Overview
In the Real World Bridge series, Charlie and Val walk you through deals that made a big difference in matchpoint scores, in actual play. In these deals, players like you sometimes made the winning decisions and sometimes made the losing decisions.
Deals like these are the ones that matter, to players like you. If you consistently make better choices on these sorts of deals, your scores will improve, as will your enjoyment of bridge.
The Deals on Which the Real World Bridge Series is Based
Starting late in 2017, Charlie wrote a summary, twice a month, highlighting interesting deals he saw at the table. Then and now, most of Charlie’s bridge is played with intermediate and advanced partners, at matchpoints.

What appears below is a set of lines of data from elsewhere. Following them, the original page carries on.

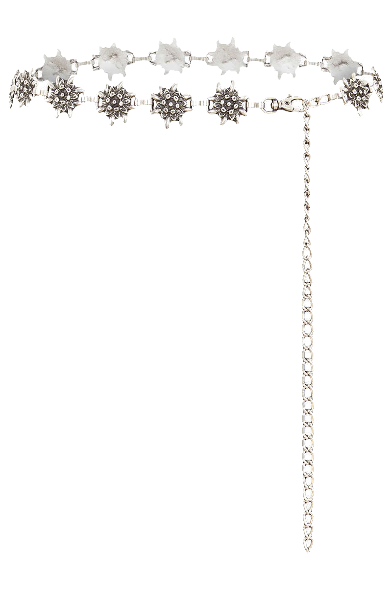 • Ein nostalgischer Kettengürtel in antiker Silberoptik mit Edelweißblüten
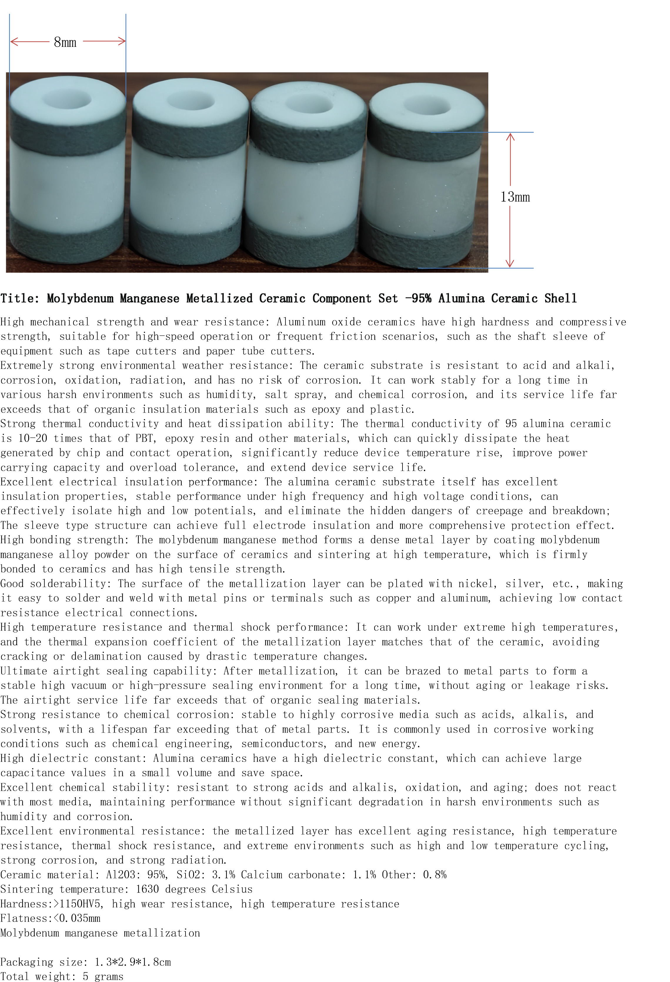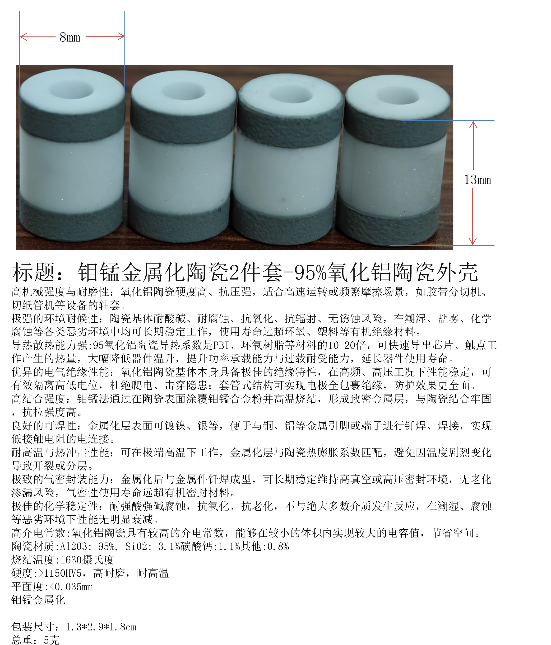 产品名称:钼锰金属化陶瓷2件套-95%氧化铝陶瓷外壳
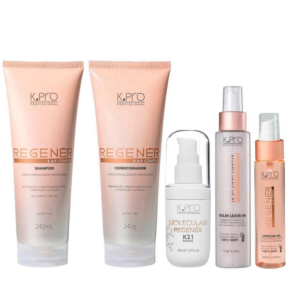Kit K.Pro Regenér - Shampoo 240ml + Condicionador 240ml + Balm 120ml + Óleo 60ml + K21 30ml
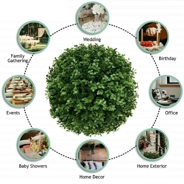 Trebate brzo ažuriranje svog prostora? Postavljanje ovog umjetnog bilja ne može biti jednostavnije! Samo pričvrstite kopče i spojnice kako biste ih sigurno postavili. Savršene su za unutarnju i vanjsku upotrebu, a ako se lopta malo stisne tijekom transporta, jednostavno je pustite da se prozrači kako bi povratila svoj oblik.

Initially, the summaries covered deals where Charlie noticed particularly good or bad bids or plays from anyone at the table. Over time, the focus shifted to deals on which lots of matchpoints were won and lost across the field. In a typical month, the deal summaries cover 75 to 100 deals.
Back in 2017, Charlie’s bridge included some online play, mostly on Bridge Base Online (BBO), but after face-to-face bridge clubs shut down in the spring of 2020, Charlie (like many other bridge enthusiasts) switched completely to online bridge and was impressed by the additional information that was available in very large games (typically 50+ tables). One advantage was that one or two outrageous results had relatively little impact on the matchpoint scores; another was that it was possible to identify accurately the types of decisions that won and lost lots of matchpoints across a large field.

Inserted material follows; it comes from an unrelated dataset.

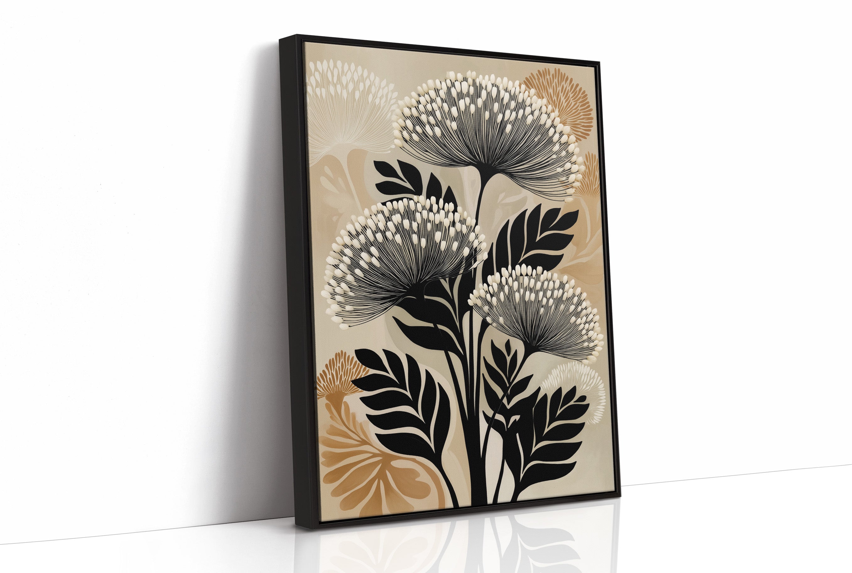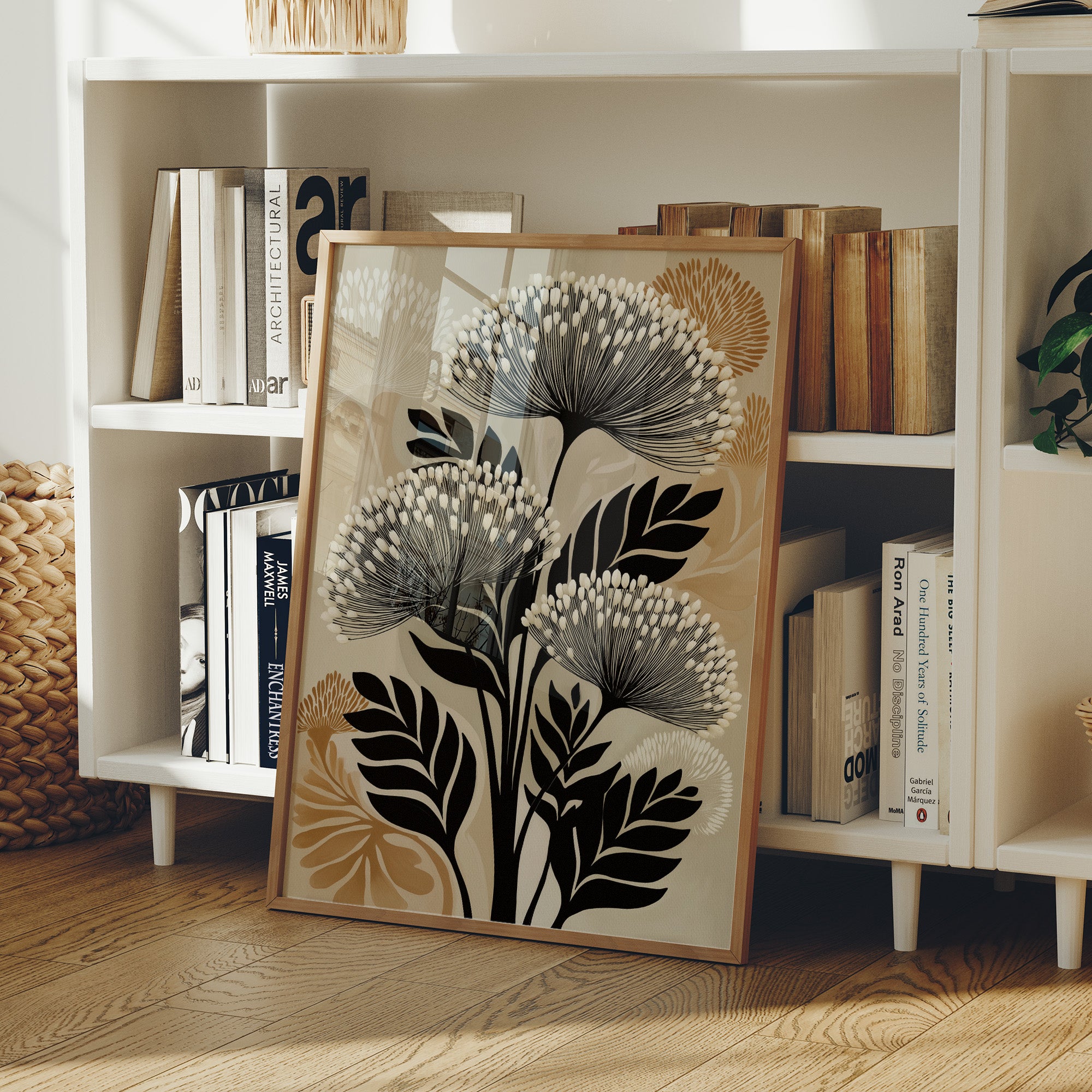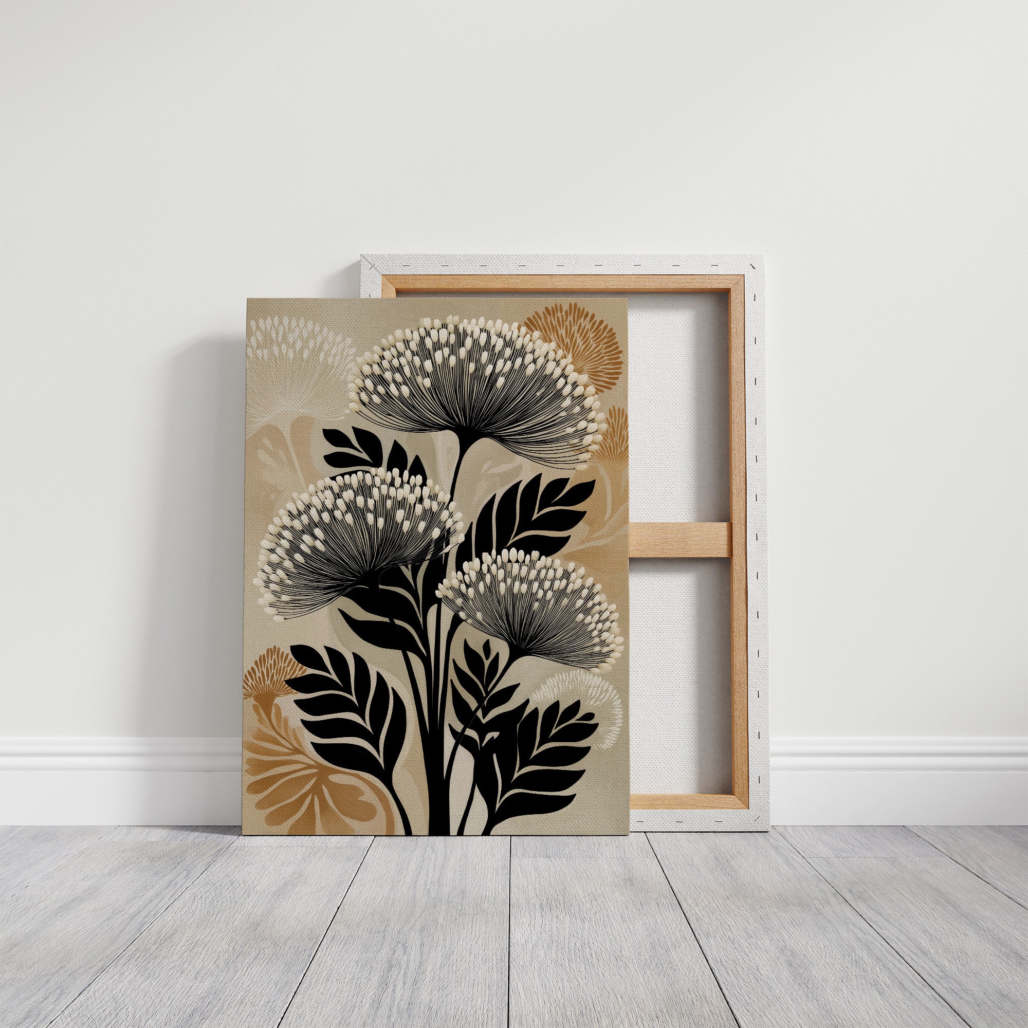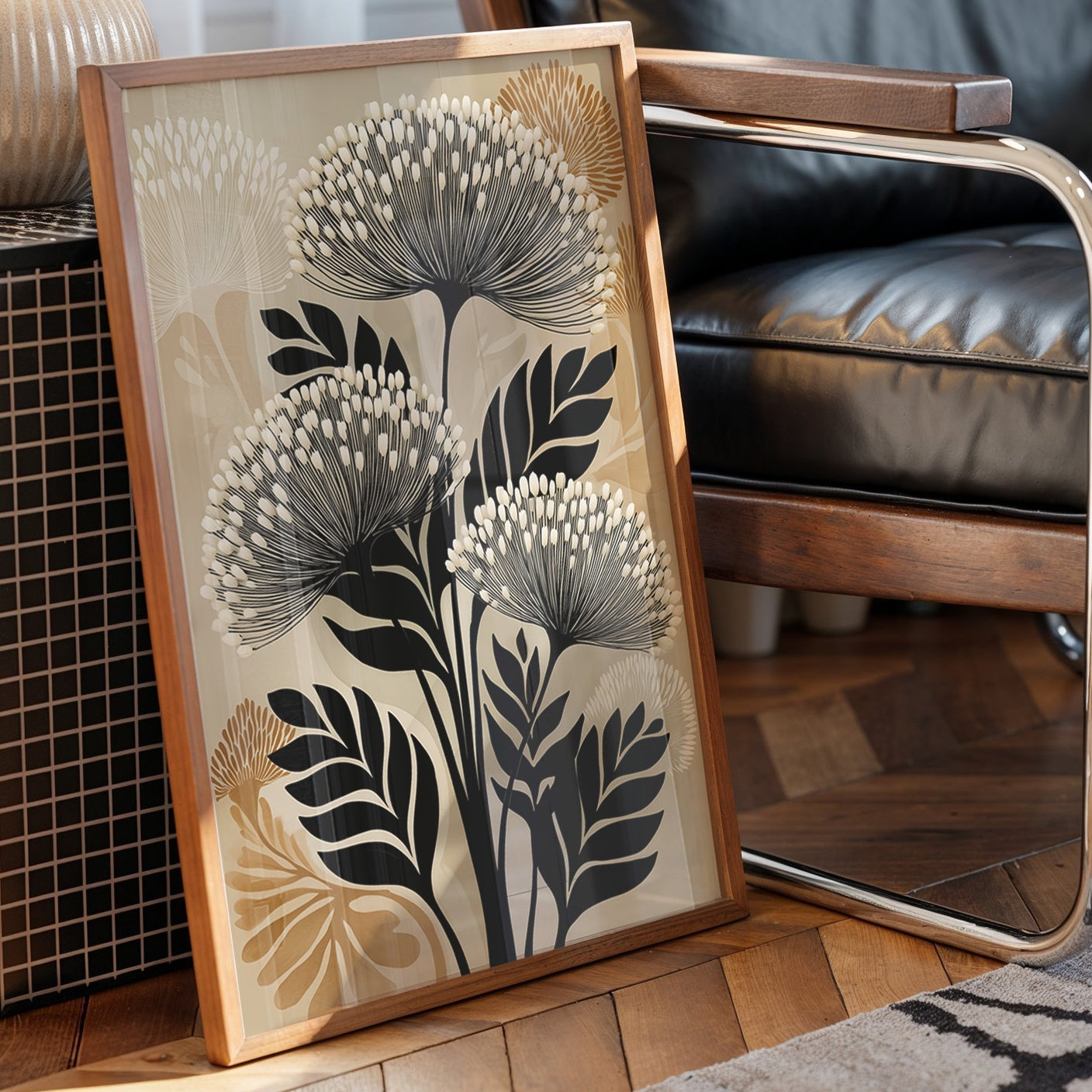 Delicate spheres of dandelion blooms stretch skyward against a warm beige backdrop, their intricate patterns creating a mesmerizing botanical ballet. Bold black leaves frame the ethereal seedheads, while subtle copper accents add depth and warmth to this modern botanical study. The composition's clean lines and contemporary interpretation of natural forms creates a sophisticated harmony between organic shapes and graphic design. This striking piece would elevate any modern living space, particularly suited for a reading nook, home office, or anywhere you seek to blend natural elements with contemporary design.

One deal in particular stands out: it was played in three notrump, in the BBO Day-Long game (the other three players were BBO robots) on October 29, 2022. Charlie had been looking for a guard squeeze for years, and this deal featured a guard squeeze. Charlie noticed the guard squeeze, played for it, and made twelve tricks when it worked. But the deal was played at 70 tables, only seven declarers took twelve tricks, and only two of the seven took the best line of play (the other successful declarers benefited from defensive errors). Eleven tricks scored 78% versus 96% for twelve tricks. The bottom line is that the guard squeeze – fascinating as it was – didn’t matter in terms of practical bridge. Here is what did matter: (1) the opening lead (against less-revealing auctions, the opening lead was more favorable for declarer); (2) whether declarer was careful to avoid entry problems; and (3) whether the defenders took advantage of available clues.
Accordingly, starting in mid-2020, the deal summaries developed into a collection of situations in which lots of matchpoints were won and lost, by typical players rather than by experts. The summaries currently cover over 2000 such situations.
How We Choose What to Write About
The Real World Bridge publications are based on decisions that won or lost lots of matchpoints in “real world” bridge. To learn more about matchpoints and the scoring system, follow this link. By contrast, we do not cover these types of decisions:
- Decisions that – like Charlie’s guard squeeze — are technically interesting but that had relatively little impact on matchpoint scores.
- Decisions that won lots of matchpoints through luck but that weren’t technically correct.
- Decisions that produced a great matchpoint score but that were made by only a few players.
Similarly, if a topic didn’t appear in the deal summaries, we don’t write about it, no matter how interesting we think it is. That is, we cover those decisions – and only those decisions — that occurred at the table in “real world” bridge, that made a big difference in the score, and that were technically correct.